In recent years, oxidative stress-related indices such as total oxidant status (TOS) and oxidative stress index (OSI) have attracted increasing attention as complementary indicators for evaluating oxidative balance in food systems. These parameters provide additional information beyond conventional antioxidant assays by reflecting the overall pro-oxidant burden of complex matrices. Natural antioxidants provide protection via multiple pathways, such as neutralizing free radicals, binding metal ions, lowering localized oxygen levels, and breaking down peroxide compounds [7]. Previous studies have indicated that the contribution of polyphenols to oxidative stability and antioxidant activity in virgin olive oil is greater than that of other antioxidant compounds [7,8]. Del Carlo et al. [7] further demonstrated that oxidative stability in EVOO depends not only on antioxidant compounds but also on the equilibrium established among oxidizing and antioxidative constituents present in the complex polyphenolic matrix of olive oil.
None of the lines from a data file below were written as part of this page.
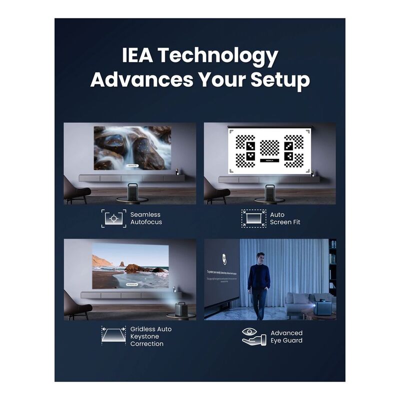 Intelligent Environment Adaptation (IEA) Technology creates a theater in seconds. Watch your room be analyzed to create a perfect-fitting screen without any interruptions.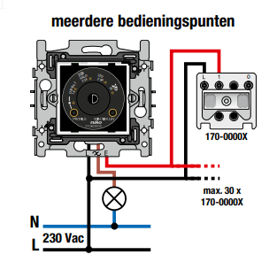 Let op: de dimmer heeft geen spreidklemmen/klauwbevestiging en kan daarom alleen met schroeven in een inbouwdoos worden gemonteerd.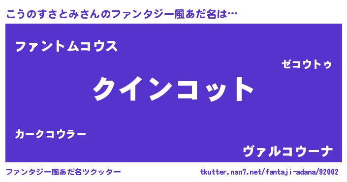| 男性向けラノベタイトル風あだ名 | 『おまえをオタクにしてやるから、俺をこうのすさとみにしてくれ! 』 |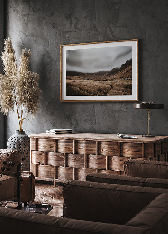 Eng dramatesch Landschaft op de Färöer Inselen mat rauen Hiwwelen an engem risegen Grasdall ënner enger décker Decken vun déif hänkege Wolleken. Déi gedämpft Téin an déi rau Schéinheet erwecken e Gefill vun Isolatioun an onberéierter Wildnis, perfekt fir Themen wéi d'Gréisst vun der Natur an déi wäit Rou.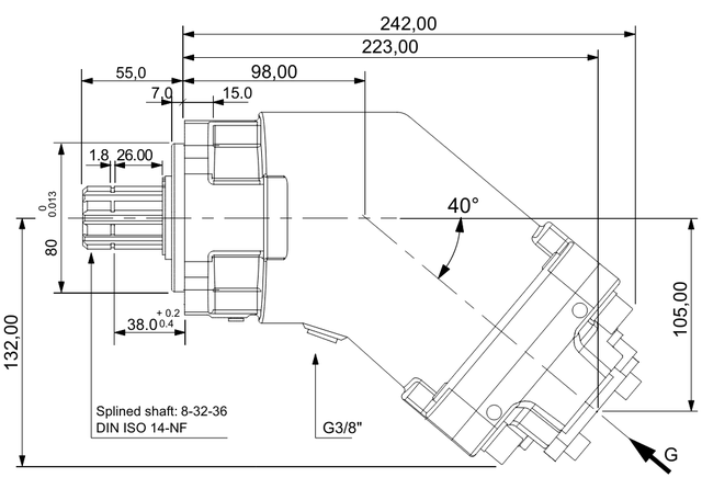Нерегулируемый аксиально-поршневой насос с наклонным блоком Hidrocel 2PBA правого вращения (за часовой стрелкой). Рабочий объем составляет 108 куб. см. Рассчитан на работу при номинальном давлении 350 бар и пиковом 400 бар. Шлицевой вал: 8-32-36 DIN ISO 14-NF.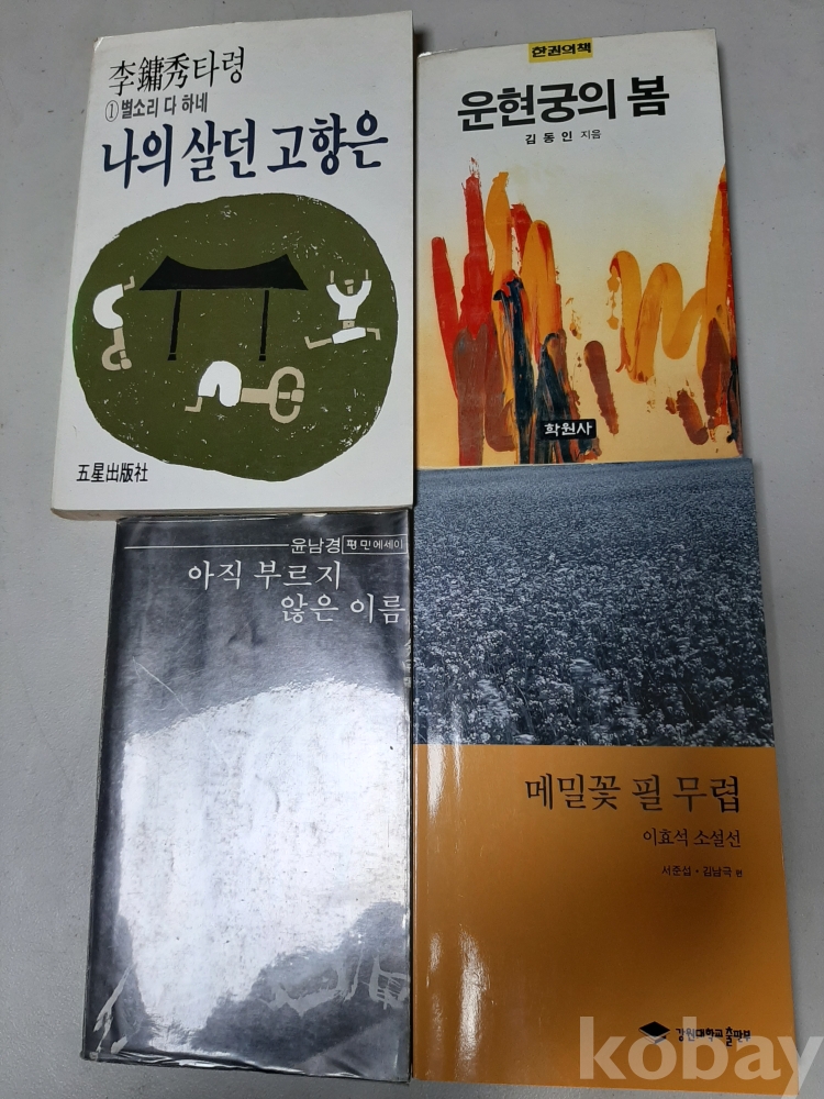 1. 아직부르지 않는 이름-윤남경 에세이 1977년초판 평민사 발행 증정본2. 운현궁의 봄-김동인 저 1990년2판 학원사 발행3. 메밀꽃 필 무렵-이효석 소설 2005년초판 강원대학교 출판부 발행4. 나의 살던 고향은-이종수 저 1985년초판 오성출판사 발행5. 진달래꽃-김소월 저 1986년초판 글방문고 발행6. 어둠속의 투명한 노래들···· - 전문화 시집 1993년초판 광미사 발행7. 님의 침묵-한용운 시집 1991년재판 동하 발행 반품불가, 반품시 반품비용 구매자부담조건 판매,사이즈는 정확하지 않음
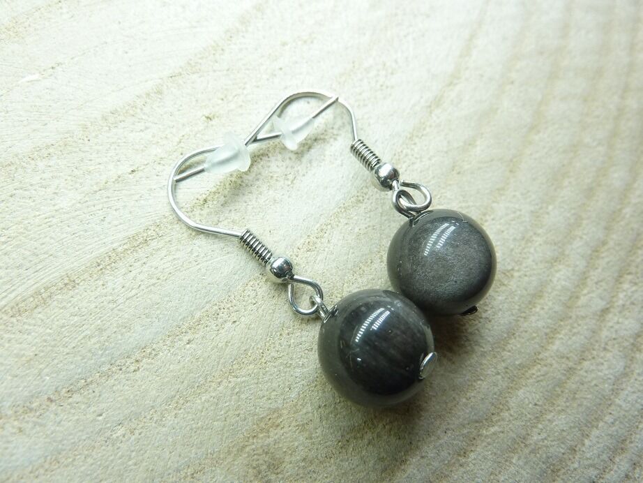 Vous recevrez une paire de Boucles d’oreilles Obsidienne argentée perles rondes 10 mm de qualité similaire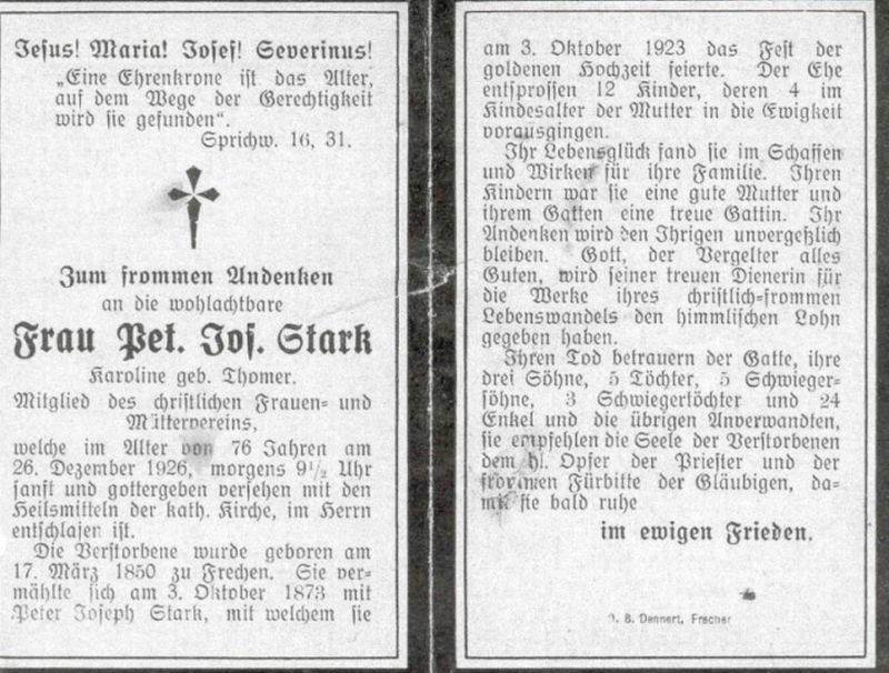 ∞ 03.10.1873 Peter Josef Stark; 12 Kinder, davon 4 † ; Mitglied des christlichen Frauen- und Müttervereins; |
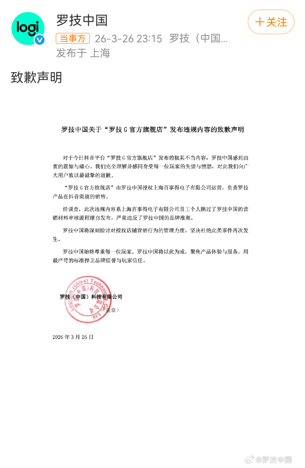 罗技就侮辱性广告致歉 说是个人员工跳过审核直接发?我怎么就不太相信呢。像狗一样跑过来真的太侮辱人了。可以替代你的牌子太多了,我选择不接受你的道歉,不会再买你们家的任何产品。如果道歉有用的话,是不是所有厂商犯了错,都道个歉就行了?真是可笑至极!
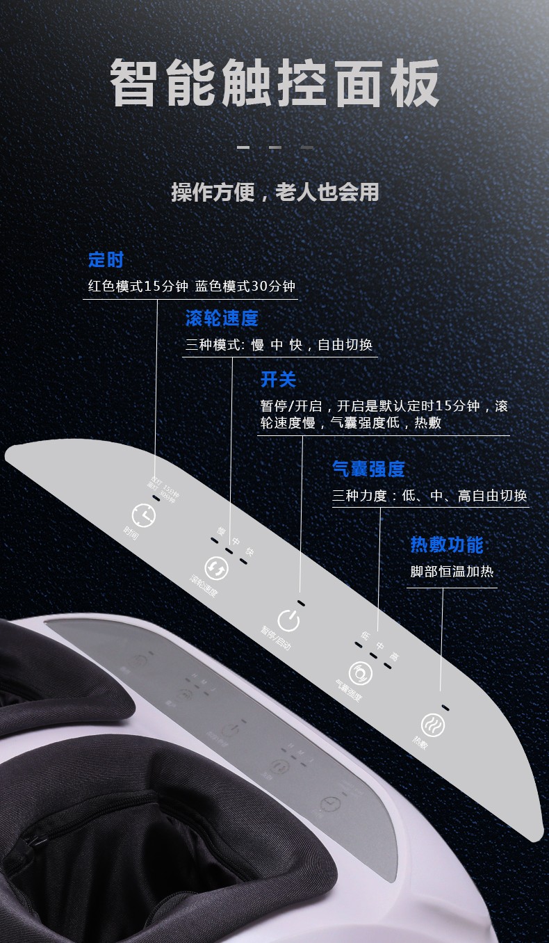 5個觸摸按鈕(安全氣囊,模式選擇,開關,氣壓,熱敷);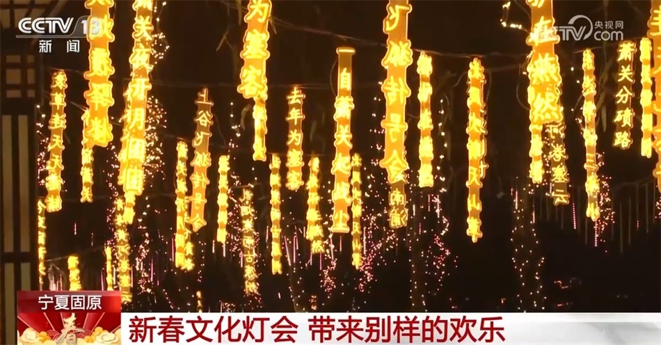 在寧夏固原的“西湖公園”內(nèi),一場以詩詞花燈、主題花燈為主的新春文化燈會給當(dāng)?shù)匕傩諑韯e樣的歡樂。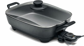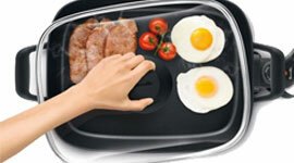 | Features | Pan tilt lever creates a slope to drain fats and juices Precise Temperature Control (Keep Warm, Saute, Pan Fry and Sear settings) Cast aluminium with dishwasher safe toughened glass lid Adjustable steam vent Premium PFOA-free non-stick cooking surface 38 x 29.5cm rectangular extra deep 7.8cm fry pan Non-skid rubber feet Cool touch handles |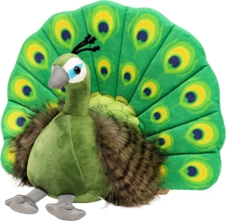 A plüsspáva puha, kellemes anyagból készült, ami ideális játszótárs ölelkezéshez és kényelmet nyújt a gyermek számára. A pehely sértetlen szárnyai, kifejező szemei és gondosan kidolgozott mintázatai a farkán egyedülálló karaktert adnak neki, és szinte igazi pávának tűnik.
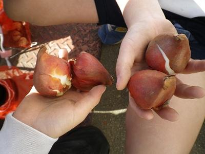 1年生から5年生がチューリップの球根を植えています。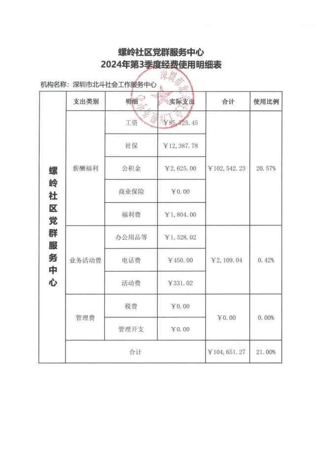 螺岭社区党群服务中心2024年第3季度经费使用明细表
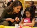 Chats with a child about her artwork, during a visit to the Association to Benefit Children's new Echo Park children and family facility in Harlem. New York, United States / September 20, 2006 تتحدث مع طفلة عن عملها الفني خلال زيارة إلى المركز الجديد الذي …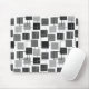 This mouse pad has a geometric design of squares in black and shades of grey scattered about with their outlines.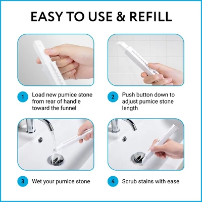 - Secure, Refillable Handle: Each thin pumice stick measures 0.5 x 7.75 inches and features a reinforced adjustable handle that locks the pumice chisel firmly in place, preventing slipping while scrubbing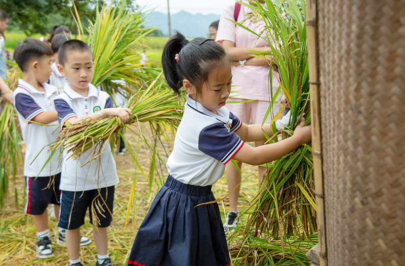 10月2日,在福建省武夷山市下梅村,小朋友在体验手工打谷。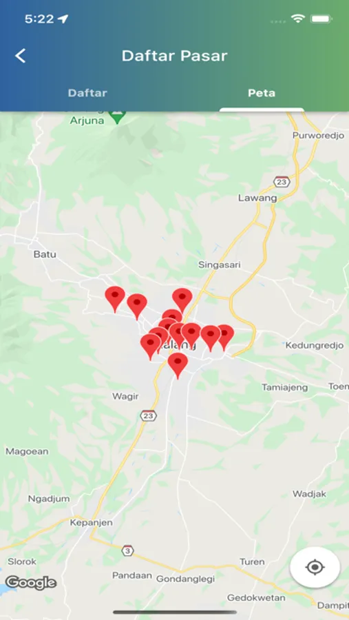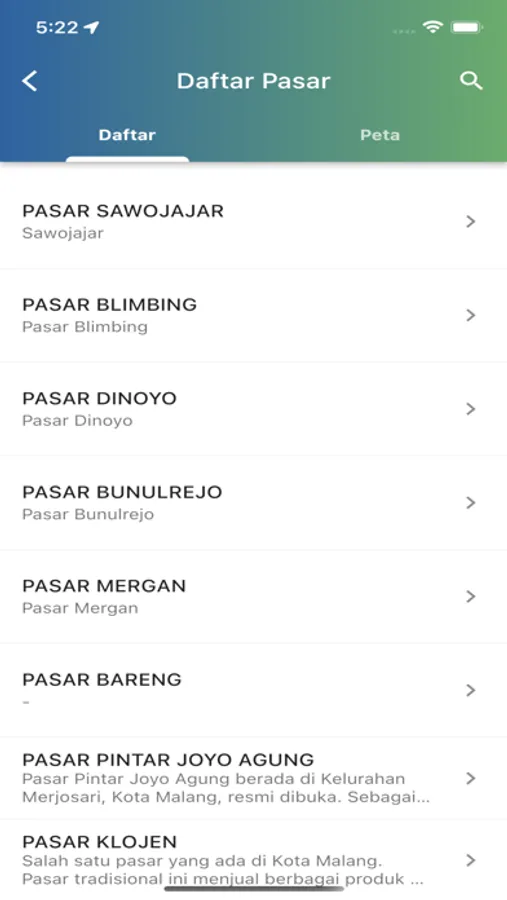 Menampilkan data pasar yang berada didaerah pengelola/petugas, dinas provinsi, dinas kabupaten/Kota yang di tampilkan pada Maps yang bisa di lihat titik pasar langsung dari maps.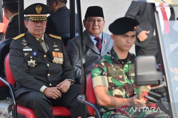 Presiden ke-6 Susilo Bambang Yudhoyono (kiri) bersama Menhan Prabowo menghadiri upacara HUT ke-78 TNI di Lapangan Silang Monumen Nasional (Monas), Gambir, Jakarta, Kamis (5/10/2023). HUT ke-78 TNI mengangkat tema TNI Patriot NKRI: Pengawal Demokrasi untuk Indonesia Maju. ANTARA FOTO/Akbar Nugroho Gumay/aww.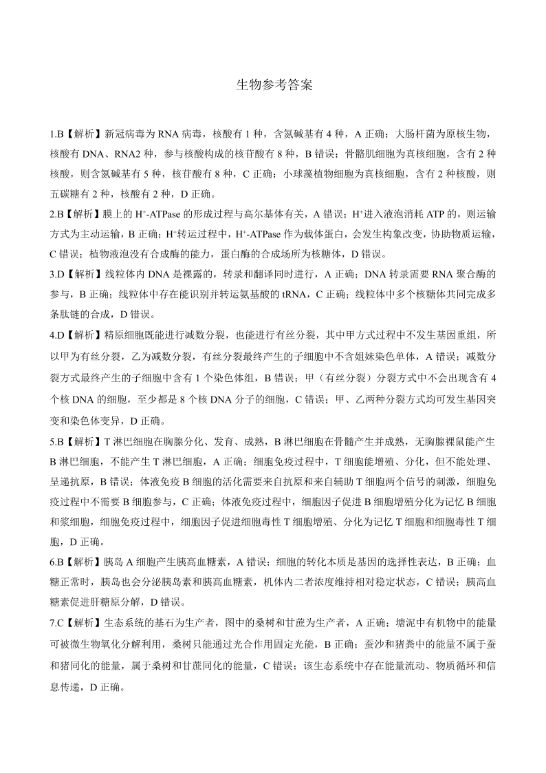 2024届百师联盟2023届高三一轮复习(五)生物答案
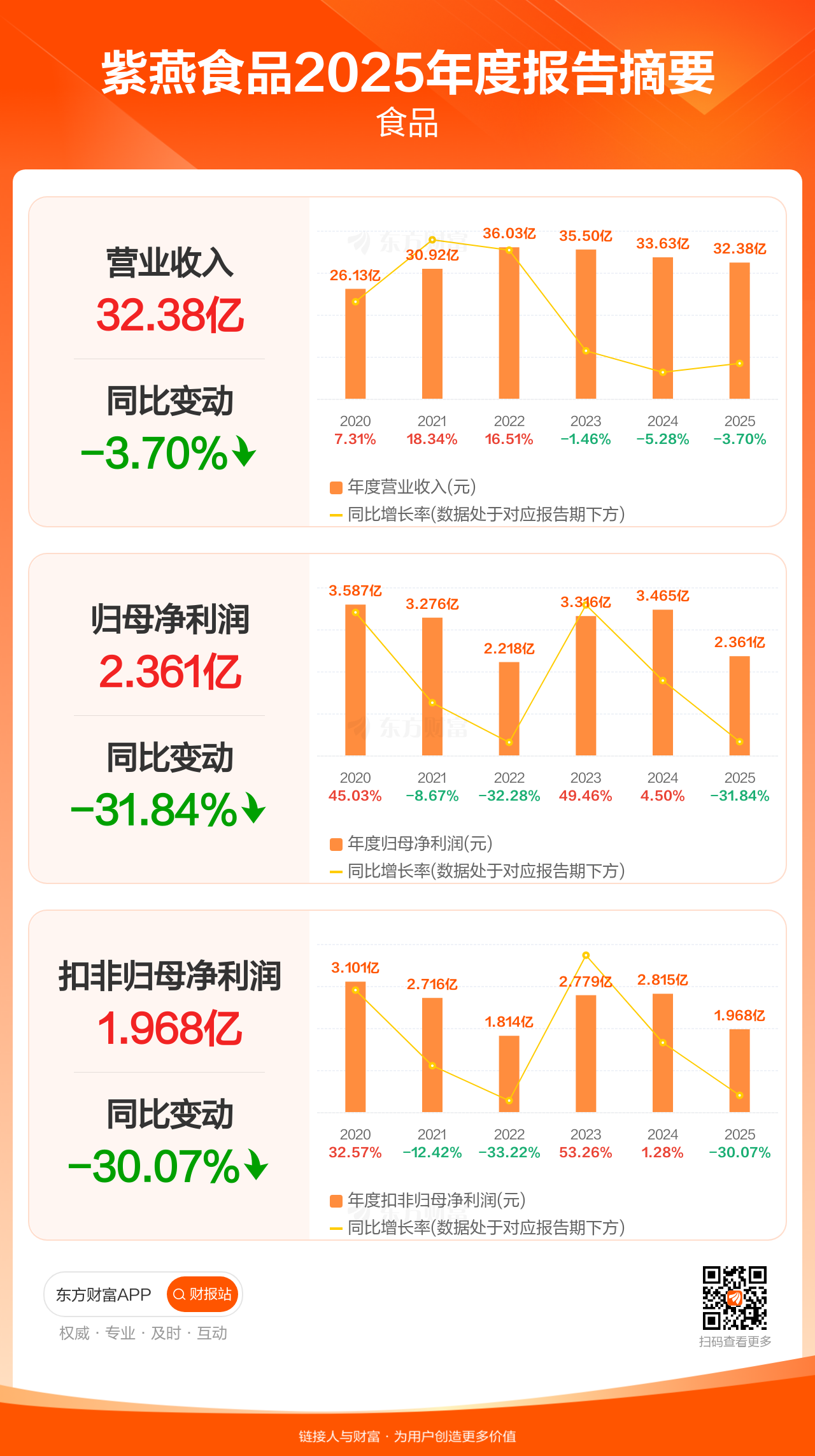 图解财报:紫燕食品全年归母净利润2.36亿元,同比减少31.84%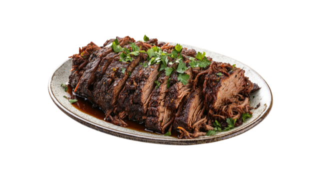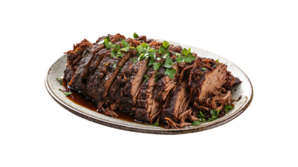 Sliced Braised Beef Brisket with Herbs isolated on a transparent background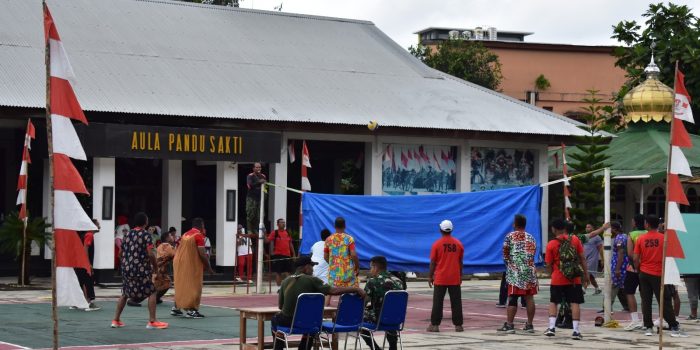 Sorong. Papua Barat Daya – Dalam rangka memeriahkan Hari Ulang Tahun (HUT) Kemerdekaan Republik Indonesia yang ke-79, Kodim 1802/Sorong menggelar pertandingan bola volli gembira menggunakan daster antar koramil di Lapangan Volli Makodim 1802/Sorong Jalan ahmad yani klademak kota sorong. Rabu (14/08/2024)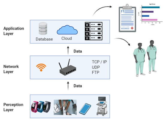According to the three-layered architecture, the bottommost layer is the perception layer, which is responsible for gathering the medical data from the physical MIoT devices, such as wearable’s, smart blood glucose meters, ECG monitoring devices, and so on. Then, the network layer mainly consists of wireless, wired, and middleware systems, which facilitate the smooth delivery of gathered medical data, towards the destination. With the aid of underlying technological platforms, the network layer first processes and communicates the acquired data from the perception layer to the application layer, which is the topmost layer in the architecture. The application layer comprises medical data repositories to offer tailored and personalized medical services and to address the needs of end-users, who are patients, medical professionals, caregivers, and insurance companies [11,17]. An important fact is that the underlying technologies used by each of these layers are different from one another. Altogether, the MIoT devices and integrated technologies are used to provide a variety of services, each with its own requirements and limitations [13,17].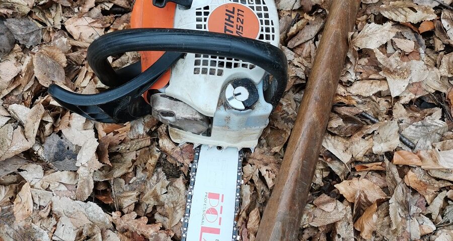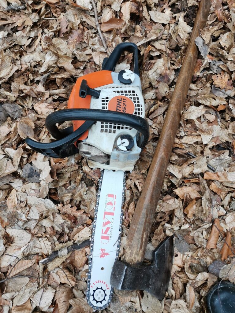 Masa lemnoasă, un motofierăstrău și un topor au fost ridicate în vederea confiscării.

Extraction methodology also plays a critical role in the analysis of phenolic compounds and antioxidative properties sample matrix characteristics, and compound–solvent interactions directly affect extraction efficiency. Extraction efficiency of phenolic compounds is strongly influenced by solvent polarity, solvent composition, and physicochemical interactions between phenolic compounds and the sample matrix. Polar organic solvents, particularly methanol and ethanol, are among the most widely used extraction solvents for phenolic compounds because they enhance the solubilization of compounds with different polarities and facilitate disruption of phenolic–matrix interactions through hydrogen-bonding mechanisms [9,10,11,12]. Previous studies demonstrated that aqueous alcohol mixtures generally provide better extraction performance than pure water due to enhanced solubilization and recovery of phenolic compounds from complex matrices [11,13]. In olive leaf and olive-derived matrices, hydroalcoholic systems containing 50–80% methanol or ethanol are widely used for improving the recovery of phenolic compounds and antioxidant activity [13,14]. Differences between methanol–water and ethanol–water extraction systems may be associated with variations in solvent polarity and hydrogen-bonding interactions, which can influence the solubilization, recovery, and antioxidant-related properties of phenolic compounds [10,11].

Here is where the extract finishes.